Tres verdades bíblicas
1. Dios escribe la historia de su reino empezando por los que nadie toma en cuenta
Este libro va a coronar reyes, mover ejércitos y decidir el futuro de una nación. Y su primera protagonista es la persona con menos poder de todo Israel, una mujer estéril, provocada por su rival, incomprendida por su esposo y malinterpretada por el sacerdote de turno. Ahí decidió Dios empezar. Si hoy sientes que tu vida es demasiado pequeña o demasiado escondida para que Dios haga algo con ella, este capítulo debería darte esperanza. Dios no espera a que llegues a una posición visible para empezar a escribir su historia contigo. Mañana vamos a escuchar a Ana cantar esta misma verdad con sus propias palabras, y ese canto será la clave de toda la serie.
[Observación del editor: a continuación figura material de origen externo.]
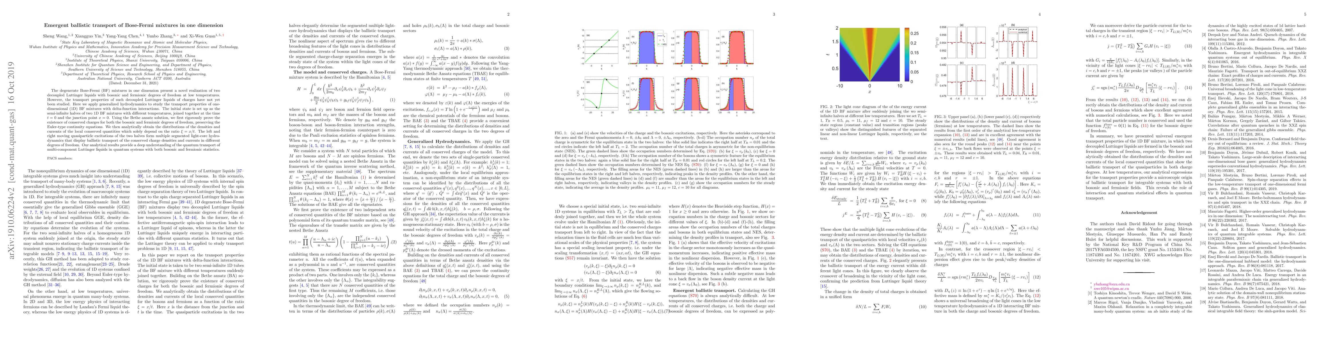 The degenerate Bose-Fermi (BF) mixtures in one dimension present a novel realization of two decoupled Luttinger liquids with bosonic and fermionic degrees of freedom at low temperatures. However, the transport properties of such decoupled Luttinger liquids of charges have not yet been studied. Here we apply generalized hydrodynamics to study the transport properties of one-dimensional (1D) BF mixtures with delta-function interactions. The initial state is set up as the semi-infinite halves of two 1D BF mixtures with different temperatures, joined together at the time $t=0$ and the junction point $x=0$. Using the Bethe ansatz solution, we first rigorously prove the existence of conserved charges for both the bosonic and fermionic degrees of freedom, preserving the Euler-type continuity equations. We then analytically obtain the distributions of the densities and currents of the local conserved quantities which solely depend on the ratio $\xi=x/t$. The left and right moving quasiparticle excitations of the two halves form multiple segmented light-cone hydrodynamics that display ballistic transport of the conserved charge densities and currents in different degrees of freedom. Our analytical results provide a deep understanding of the quantum transport of multi-component Luttinger liquids in quantum systems with both bosonic and fermionic statistics.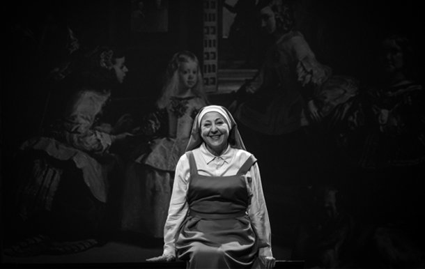 “¿Vemos o nos ven?”, se pregunta Foucault en su ensayo sobre ‘Las Meninas’, consciente de que Velázquez nos asigna “un lugar a la vez privilegiado y obligatorio” en su pintura. Desde el escenario, entre el cuadro y nuestro (elegido) sitio obligatorio, Sor Ángela nos invita a ver su metamorfosis. Estamos en 2037 y gobierna ‘Puebloenpie’. Para pagar los intereses de una deuda insostenible, esta caricatura de Podemos va a vender la obra maestra de Velázquez a una petromonarquía árabe. Así comienza ‘La autora de Las Meninas’, una distopía de Ernesto Caballero que nos alerta de políticos utilitaristas mientras reflexiona sobre los límites de la creatividad. No te fíes de la sonrisa cándida de esta monja que debe copiar ‘Las Meninas’. En el alma de Sor Ángela duerme un ego que el diablo despertará a golpe de tentaciones, en un viaje disparatado e inolvidable a través de las vanguardias del siglo XX. Soy incapaz de imaginarla protagonizada por otra actriz que no sea Carmen Machi. Insuperable./Joaquín Armada desde 'Después del Hipopótamo'
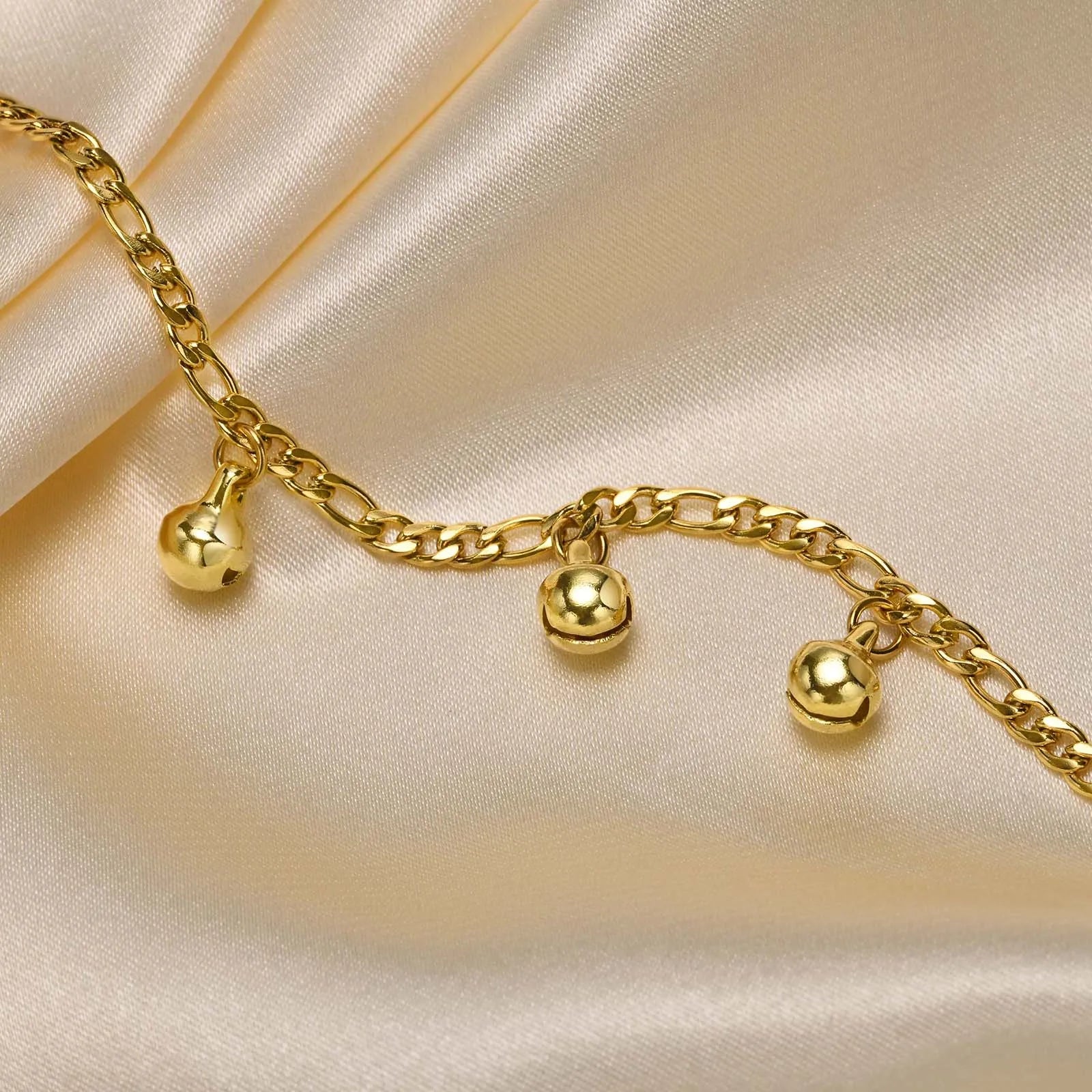 The Tiny Chimes Baby Anklet is a delicate, gold-tone ankle bracelet designed for tiny feet and big memories. Each step comes with a soft jingle, making your baby’s walk even more adorable and full of character.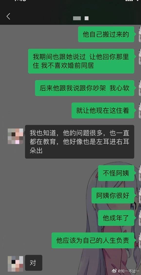 有中國網友批事件女主角「白嫖」還公審,她反曬出與摳門男母親的對話截圖為自己反駁。(翻攝微博)

2. El dolor que nadie entiende tiene un lugar donde ser derramado
Ana no discutió con Penina, no le probó a Elcana que su dolor era legítimo ni se defendió largamente ante Elí. Fue al santuario y derramó su alma delante del Señor. Hay cargas que ni la gente que más te ama logra comprender, y pelear para que las entiendan solo añade otra herida. Tú puedes hacer lo que hizo Ana. Llevar eso que nadie entiende directamente al Dios que sí entiende, con lágrimas si hace falta y sin discursos elegantes. Fíjate que las circunstancias de Ana no cambiaron ese día. Cambió su rostro. Volvió a comer, dice el texto, y ya no estaba triste, porque había sido escuchada por Aquel que puede actuar.
3. Lo que se recibe como regalo se devuelve como ofrenda
Ana pidió un hijo y, cuando por fin lo tuvo en brazos, lo llevó de vuelta a Silo para dedicarlo al servicio del Señor. Pudo haber renegociado el voto, y habría sido comprensible. Pero Ana entendía algo que a nosotros nos cuesta, y es que Samuel llegó como respuesta a una súplica, y las respuestas se agradecen con las manos abiertas. Pregúntate hoy con honestidad qué has recibido de Dios que estás administrando como si fuera conquista tuya. Los hijos, el trabajo, la salud, el ministerio. La gratitud que no consagra nada todavía no ha entendido de quién vino el regalo.
Reflexión y oración
El Dios que está a punto de levantar reyes en Israel empezó acordándose de una mujer que lloraba en silencio.
Padre, gracias porque escuchas al que nadie escucha y te acuerdas del que todos olvidan. Gracias porque este libro que hoy comenzamos nos muestra desde su primera página que Tú actúas a favor de los humildes. Te pedimos la fe de Ana, para llevarte el dolor que nadie más comprende, y su gratitud, para devolverte con manos abiertas lo que de Ti hemos recibido. Guárdanos de vivir como dueños de tus regalos. En el nombre de Cristo, amén.